This is a story about Ragene’s hair and how it grew as thick and wide as a forest.
“But we’ll fix that,” said Nana. “Now cup your ear and quit all that flinching.”
In the cushy salon chair, Ragene cupped her ear and squished her eyes real tight as Nana did what she did every third Wednesday: pressed Ragene’s hair.
The cause of her forest-hair was a wonder to Ragene, and she tried to figure it out based on what she learned in school about forests, but finally she gave up and asked Nana. She always thought about things first before asking Nana, and there was plenty of time for thinking whenever Ragene sat in that chair.
“Nana, why is my hair like this?”
Nana grabbed a plug of curls and ran a sizzling comb with metal teeth through the bunch.
“Because you were born beneath the sun, child. Everybody knows that little girls born beneath the sun had better have straight, long hair if they are to get anywhere in this land.”
“But what do you mean, ‘get anywhere’?” asked Ragene, holding her head as stiff a possum.
“I mean get anywhere,” said Nana as she stuffed the comb back into the tiny stove. “In this land, there is no room for forest-hair because people are afraid it will keep growing and break through the ceiling, and nobody wants that.”
“Well, will it break through the ceiling?”
“I don’t know, but I can’t afford to fix nobody’s ceiling, so hush up and keep still.”
Nana was a hair presser and a damn good one. She traveled to France in the 1920s when the hot comb was first invented. You see, the hot comb was a heavy comb with metal teeth and a wooden handle. A magic comb made to transform women with coarse curly hair into women with fine straight hair. After practicing abroad, Nana returned and opened a home salon, where she flicked her wrist and pressed many forest-heads. But Nana was most proud of the work she had done on Ragene’s hair.
Nana checked the comb’s temperature with a towel. “When I’m done with you, you will be the most beautiful beneath the sun!”
For Ragene, however, getting her hair pressed was the most boring process in the world, which took, on average, six whole hours. She never opened her eyes for any of it because she was always frightened that even the slightest movement on her part would award her a scalp scab, and everybody knows that scalp scabs are for tender heads who can’t keep still. Ragene only ever opened her eyes when she heard Nana cut off the stove. The room would be congested with smoke and a pungent burning stench that settled in Ragene’s clothes. Ragene would jump up and dash across the room to the mirror and run her fingers through the hair, which fell twelve inches down her back. It felt like bird feathers. It was long and straight and shiny like black diamonds, which made other girls want to touch her non-forest diamond-hair.
“Don’t let anyone touch your hair, y’hear?” Nana would warn while setting up for her next client, waving her hot comb. “I mean it, child.
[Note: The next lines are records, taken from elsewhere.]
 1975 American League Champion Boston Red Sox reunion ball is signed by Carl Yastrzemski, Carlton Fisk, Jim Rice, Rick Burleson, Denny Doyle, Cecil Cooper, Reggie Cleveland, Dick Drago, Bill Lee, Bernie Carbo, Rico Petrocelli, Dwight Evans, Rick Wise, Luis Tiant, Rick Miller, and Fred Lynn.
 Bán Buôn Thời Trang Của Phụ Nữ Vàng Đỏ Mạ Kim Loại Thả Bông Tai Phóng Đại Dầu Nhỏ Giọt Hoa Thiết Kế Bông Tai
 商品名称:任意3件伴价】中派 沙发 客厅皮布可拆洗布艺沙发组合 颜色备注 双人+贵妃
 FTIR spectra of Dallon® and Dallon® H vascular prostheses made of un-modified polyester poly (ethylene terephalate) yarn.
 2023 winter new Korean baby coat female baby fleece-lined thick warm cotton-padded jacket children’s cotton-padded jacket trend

If you do, I’ll pop you one good.”
Poor Ragene tried to heed her Nana’s warning, but it was impossible for the girls at the all-girls school to keep their frolicking fingers to themselves. Every time they touched her hair, it would bush up again, and Nana would become highly irritated. To avoid getting popped, Ragene lied and told her Nana that a ventilator in class had caused the frizz. But she knew she could not keep the fib going for long. Ragene felt quite desperate to stay on Nana’s good side. She couldn’t stop the girls from touching her hair, but what she could do was turn their paws into profits.
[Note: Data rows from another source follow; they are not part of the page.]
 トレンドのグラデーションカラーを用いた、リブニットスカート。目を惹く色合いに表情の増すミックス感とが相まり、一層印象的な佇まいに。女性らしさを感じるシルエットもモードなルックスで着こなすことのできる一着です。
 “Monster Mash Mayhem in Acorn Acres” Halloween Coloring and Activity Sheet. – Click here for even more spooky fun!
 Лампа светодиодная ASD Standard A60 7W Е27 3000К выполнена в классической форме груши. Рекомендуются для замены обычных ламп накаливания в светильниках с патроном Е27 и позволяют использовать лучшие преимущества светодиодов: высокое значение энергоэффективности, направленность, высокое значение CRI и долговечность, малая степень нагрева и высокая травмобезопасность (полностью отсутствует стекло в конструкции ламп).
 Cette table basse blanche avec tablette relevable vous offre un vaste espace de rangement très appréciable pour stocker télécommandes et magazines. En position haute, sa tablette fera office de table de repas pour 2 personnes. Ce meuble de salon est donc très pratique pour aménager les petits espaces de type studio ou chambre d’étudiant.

At recess, Ragene set up a desk and chair in the center of an empty classroom. On the desk was a water basin, a stack of paper towels, a money cup, and a cardboard sign that read “Petting Park” in big, bold crayon. She would charge a cent a minute to any girl who wanted to play in her hair. This way, she could pay Nana for all her hard work.
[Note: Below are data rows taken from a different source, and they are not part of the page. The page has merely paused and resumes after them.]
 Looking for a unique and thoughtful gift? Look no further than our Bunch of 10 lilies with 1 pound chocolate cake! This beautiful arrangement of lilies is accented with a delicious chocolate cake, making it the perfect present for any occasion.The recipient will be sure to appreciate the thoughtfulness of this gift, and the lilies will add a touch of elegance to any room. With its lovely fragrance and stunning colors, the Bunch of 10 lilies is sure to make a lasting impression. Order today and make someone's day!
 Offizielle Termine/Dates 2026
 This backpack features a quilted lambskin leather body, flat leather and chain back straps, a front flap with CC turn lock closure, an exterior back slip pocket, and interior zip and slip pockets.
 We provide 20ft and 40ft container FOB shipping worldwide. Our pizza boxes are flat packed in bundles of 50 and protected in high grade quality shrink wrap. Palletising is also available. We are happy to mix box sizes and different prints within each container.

She sat perfectly still in the chair and opened her hair. Girls from all over school crowded around for the park with jingling coin purses. They lifted the hair and twisted the hair and sniffed and parted and braided the hair. They had too good a time playing in the Petting Park, but soon the hair began to do strange things. It drew back like a snake and became very coarse, as if the hair were tired of being tampered with. The girls could no longer play without cutting up their fingers. One time, a fat girl’s finger got stuck in the hair, and it took three whole kids to pull it back out. Cannibal hair, some called it. Most girls were fine with cannibal hair—they liked being scared—but a few asked for their money back. The hair’s behavior was a big mystery to Ragene. She had never fully seen her natural hair.
Ragene wanted to ask Nana, but she could not do so without having to explain how her hair changed in the first place. But the secret got out anyway on Ragene’s twelfth birthday, no thanks to Nana’s clients, parents of Ragene’s schoolmates, who had been getting their hair pressed for so long they had forgotten what their natural hair looked like. In the salon, the women lifted their conditioned heads out of washbowls and gossiped about how their girls came home from some park and tracked unusual hair into the house, spoiling the good carpet. Dark, kinky hair that the parents shook out of shoes and socks and pulled from ears and fingernails. Nearby, sweeping the floor, Ragene stiffened as the women carried on.
“Just awful. . . . Isn’t it awful?” said one woman.
“Atrocious!” said another.
“Ugh, what kind of park you think it is that gets hair all over them like that?”
“Mine won’t tell me.”
“Mine either. . . . ‘A park,’” she said, mimicking her child, “simply ‘a park.’”
“It’s not so much the hair, but the kind of hair that really concerns me—like animal’s hair.”
“Could be dangerous.”
Later that night, Nana questioned Ragene about this park as they sat alone at a small kitchen table, lighting the birthday cake. Ragene blinked. Nana grabbed her chin and pulled her face close, leaving only a hair space between them. “Don’t you play dumb with me.”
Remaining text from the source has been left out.